Сибирцев медленно и горько, как в трактире, запевал цыганскую плясовую, клоня свою светлую голову с большим лбом к струнам и покачивая ею:

Эх, очи черны, щечки алы,
Ах, безумный ро-ок любви.

– Капитан идет, господа!

– Пусть идет…

– «Спляшем, душенька, зазно-оба…» – продолжал Алексей Николаевич.

Огромный Можайский избоченился и мелкими шажками поплыл по кругу.

Елкин и Сибирцев, как сыгравшийся оркестр с хором:

Эх, очи черны, щечки алы,
Эх, ты, безу-ум-ны-ый ро-ок… 

– запели они в два голоса, и кажется, что зашевелились и повеселели видные по правому борту мрачные горы главного японского острова Ниппон.

Елкин подкинул гитару, схватил ее на лету, перевернул, щелкнул ногтями в такт плясовой по дереву и швырнул Можайскому. Тот поймал на ходу, казалось, за струны, а не за гриф, подхватив аккорд. Елкин развел руками и пошел мелко и скользко, на носках. Александр Федорович заиграл на басах, поддерживая теноровую тоску Сибирцева.

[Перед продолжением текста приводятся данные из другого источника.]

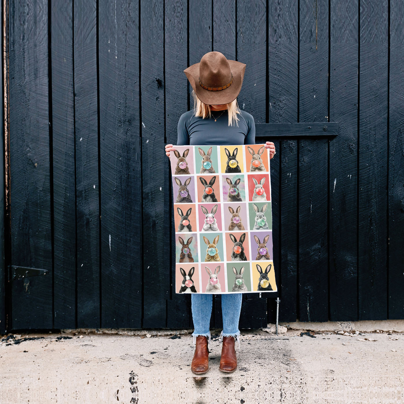 WAIT. STOP. Is this... is this BUNNY POP ART?! Because I just GASPED so loud my neighbor probably heard it. This isn't just a towel—this is a GALLERY PIECE. This is what would happen if Andy Warhol said "you know what? Bunnies. Bunnies blowing bubble gum. That's ART." And he would be RIGHT.
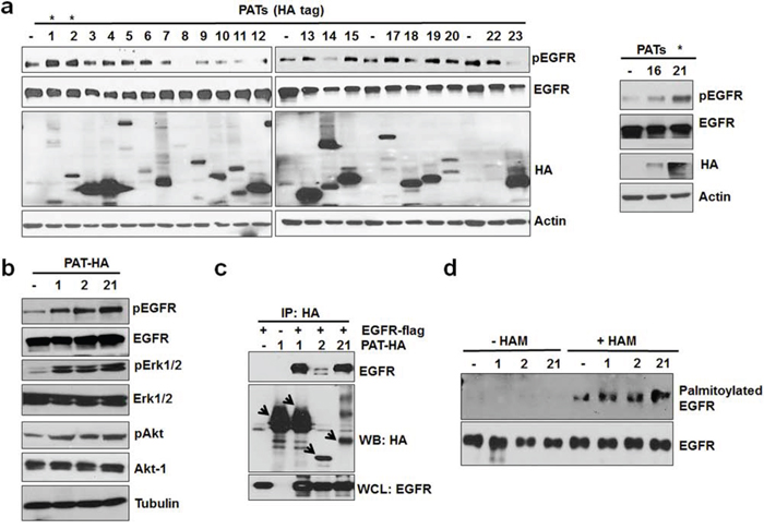 Figure 3: PAT 1, 2 and 21 increases EGFR activation and palmitoylation. a. Screening of PAT enzymes for EGFR activation. A549 cells were transfected with individual PAT (HA-tagged) constructs for 24 hours followed by 12 hours of serum starvation. Isolated protein samples were tested for EGFR activation using pEGFR antibody. b. Western blot analysis of protein samples for pEGFR, EGFR, pAkt, Akt, pErk 1/2, Erk 1/2 and Actin isolated from A549 cells transfected with PAT plasmids 1, 2, 21 or vector alone for 24 hours followed by serum starvation for 12 hours. c. Western blot analysis of immunoprecipitated samples for HA and EGFR antibodies. HEK 293 cells were transfected with EGFR-flag alone or in combination with indicated PATs as shown in the Figure 3c and PAT enzymes were immunoprecipitated with HA antibody. d. Western blotting analysis of palmitoylated EGFR from PC3 cells transfected with vector alone or PATs.

– «Ах ты сукин сын, камаринский мужик», – переменил плясовую Александр Федорович.

– Как, вы еще не устали, господа? – знакомым и пугающе густым басом спросил кто-то.

В дверях стоял адмирал. Как и когда его принесло, никто не видел.

– Ужасно устал… – Можайский положил гитару, одернул мундир и вытянулся в струнку.

– Евфимий Васильевич, мы подготавливаемся с Александром Федоровичем, хотим показать японцам плясовую цивилизацию, – заметил Елкин.

Адмирал знает, что поручик вернулся с тяжелой описи. «Диана» шла в двух милях от мрачной стены берега, где волны подымали на чернь скал облака пены. Иногда с промером приходилось посылать вперед шлюпку.

Адмирал присел во главе стола. Он вынул записную книжку и задумался, раскрыв ее. Зачем его занесло в кают-компанию и какие он решал сейчас великие проблемы – неизвестно.

Офицеры, попросив разрешения, уселись и тихо заиграли на гитарах.

Пришел Степан Степанович и стал рыться в книжном шкафу. Пещуров, сидевший на диване, когда его товарищи танцевали, пересел на круглый стул у рояля.

– «Рояль закрыт…» – тихо пропел Можайский.

Капитан красной рукой с короткими пальцами под носом у Пещурова открыл красную лакированную крышку.

Пещуров пробежал пальцами по клавишам, убрал руки на колени и, подняв темно-русую голову, глядел туда, где газ горел в плафонах. Потом он взял слабый аккорд, и сразу бурные звуки подхватили его и зарокотали, как морские волны.

Капитан полагал, что никто не понимает поэзии судна. Он чувствовал сейчас себя одиноким. Ради поэзии судна приходилось требовать с людей. Как добиться от них вдохновения и трепета? Идеальной чистоты боевого корабля? Корабль становится идеалом без материальных изъянов, от которых так страдает человечество. Являются личности, которые не замечают пятна на палубе. Они занимаются механикой. Современные моряки становятся инженерами, занимаются вычислениями по законам физики и вычислением собственных выгод. Они готовы превратить корабль в контору и фабрику, в потогонную для выкачки процентов для банкиров, а от моряка требуется вечная готовность к геройству и смерти и бесстрашие. Как совместить в этом мире такие несовместимые понятия? Палуба – святыня: «Твоя кровь прольется тут! Она как чистая рубаха перед боем!»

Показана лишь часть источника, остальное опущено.